Repeat the records below exactly from the line containing "亳州智惠卡回收服务详解 助您轻松变现卡内余额" to the line containing "Am Abendhimmel tauchen", taking in both of those lines. Drop the pictures.

◆ Extracted information ◆
------

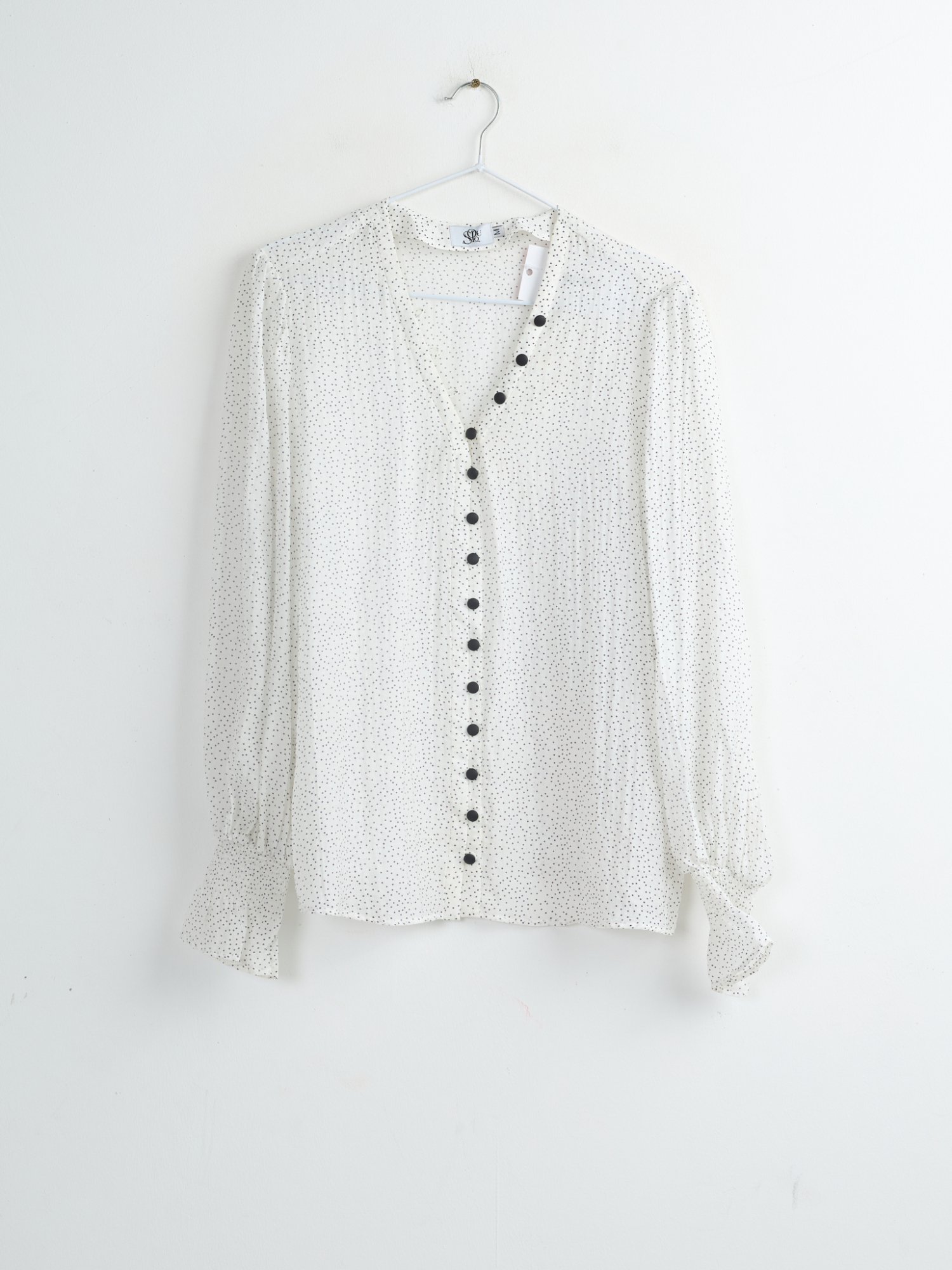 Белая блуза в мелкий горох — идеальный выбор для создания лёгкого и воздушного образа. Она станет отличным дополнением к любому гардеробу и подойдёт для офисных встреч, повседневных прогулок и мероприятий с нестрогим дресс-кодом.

------

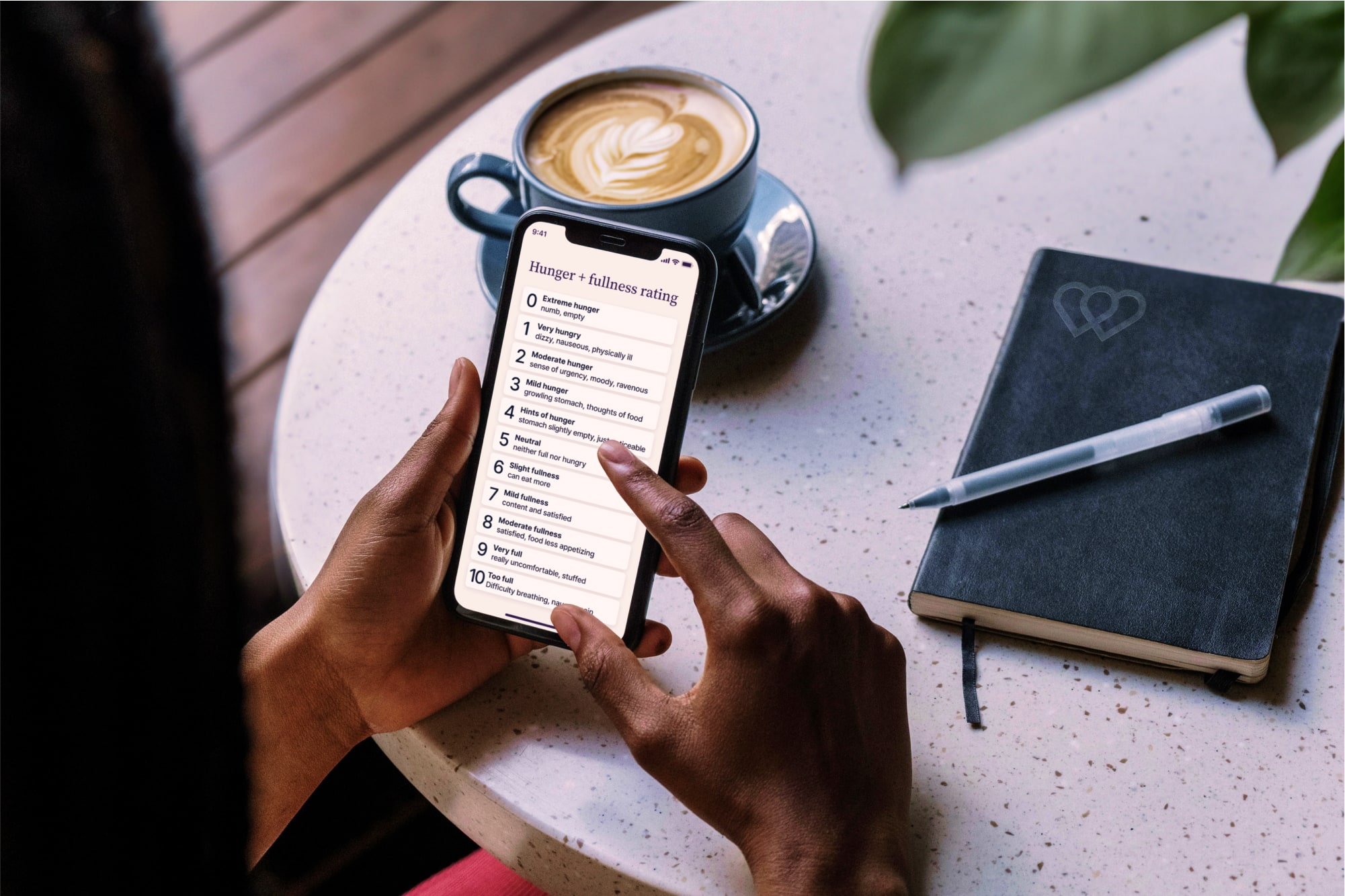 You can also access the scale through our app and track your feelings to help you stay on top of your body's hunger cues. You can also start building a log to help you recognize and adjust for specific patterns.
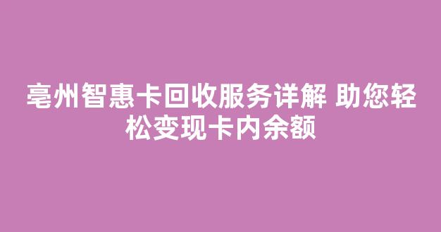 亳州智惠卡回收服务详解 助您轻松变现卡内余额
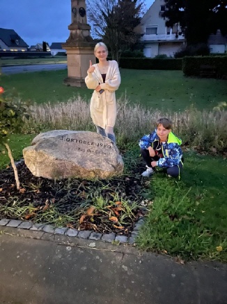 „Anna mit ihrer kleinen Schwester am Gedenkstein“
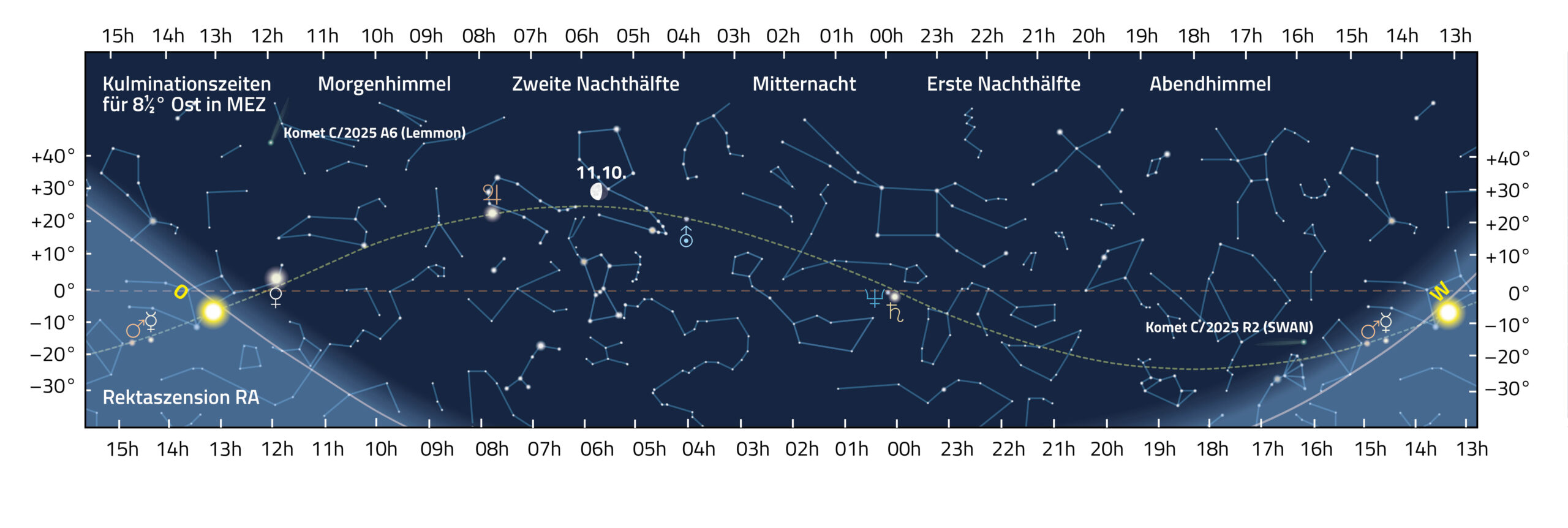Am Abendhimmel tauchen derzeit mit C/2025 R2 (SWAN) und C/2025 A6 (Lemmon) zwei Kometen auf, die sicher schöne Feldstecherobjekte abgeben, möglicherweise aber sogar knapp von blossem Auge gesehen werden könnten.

------

◆ Answer space ◆
 亳州智惠卡回收服务详解 助您轻松变现卡内余额
 „Anna mit ihrer kleinen Schwester am Gedenkstein“
Am Abendhimmel tauchen derzeit mit C/2025 R2 (SWAN) und C/2025 A6 (Lemmon) zwei Kometen auf, die sicher schöne Feldstecherobjekte abgeben, möglicherweise aber sogar knapp von blossem Auge gesehen werden könnten.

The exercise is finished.